DIRECTIONS
The whole listing below should be printed again exactly, with no images.

EXERCISE DATA

══════════════════════════════

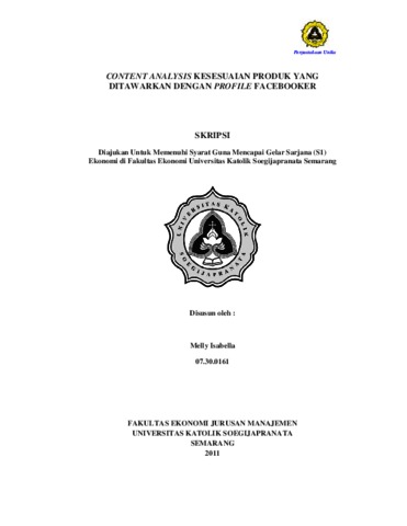 ISABELLA, MELLY (2011) CONTENT ANALYSIS KESESUAIAN PRODUK YANG DITAWARKAN DENGAN PROFILE FACEBOOKER. Other thesis, Prodi Manajemen Unika Soegijapranata.
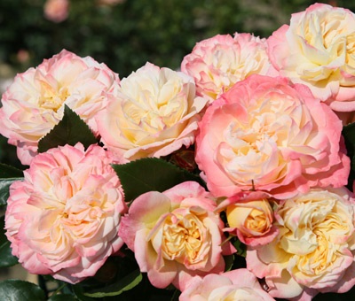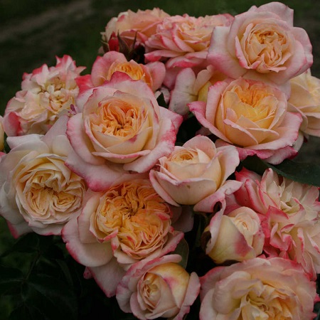 Очень красивая флорибунда необычной окраски, словно раскрашенная вручную, к сожалению мало распространенная вне Франции. Цветки украшают штрихи темно-розового цвета на нежном сливочно-розовом фоне. Изнанка лепестков почти белая, как и нераспустившиеся бутоны. Цветки распустившись, плоские, появляются в кистях по 5-15 шт. Листва темно-зеленая, побеги колючие.
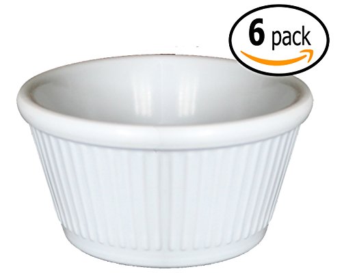 Clipper Fluted Round Stackable Melamine Condiment Ramekins with Pan Scraper, White (6-Pack, 4 Ounce)

══════════════════════════════

RESULT OF THE EXERCISE
 ISABELLA, MELLY (2011) CONTENT ANALYSIS KESESUAIAN PRODUK YANG DITAWARKAN DENGAN PROFILE FACEBOOKER. Other thesis, Prodi Manajemen Unika Soegijapranata.
 Очень красивая флорибунда необычной окраски, словно раскрашенная вручную, к сожалению мало распространенная вне Франции. Цветки украшают штрихи темно-розового цвета на нежном сливочно-розовом фоне. Изнанка лепестков почти белая, как и нераспустившиеся бутоны. Цветки распустившись, плоские, появляются в кистях по 5-15 шт. Листва темно-зеленая, побеги колючие.
 Clipper Fluted Round Stackable Melamine Condiment Ramekins with Pan Scraper, White (6-Pack, 4 Ounce)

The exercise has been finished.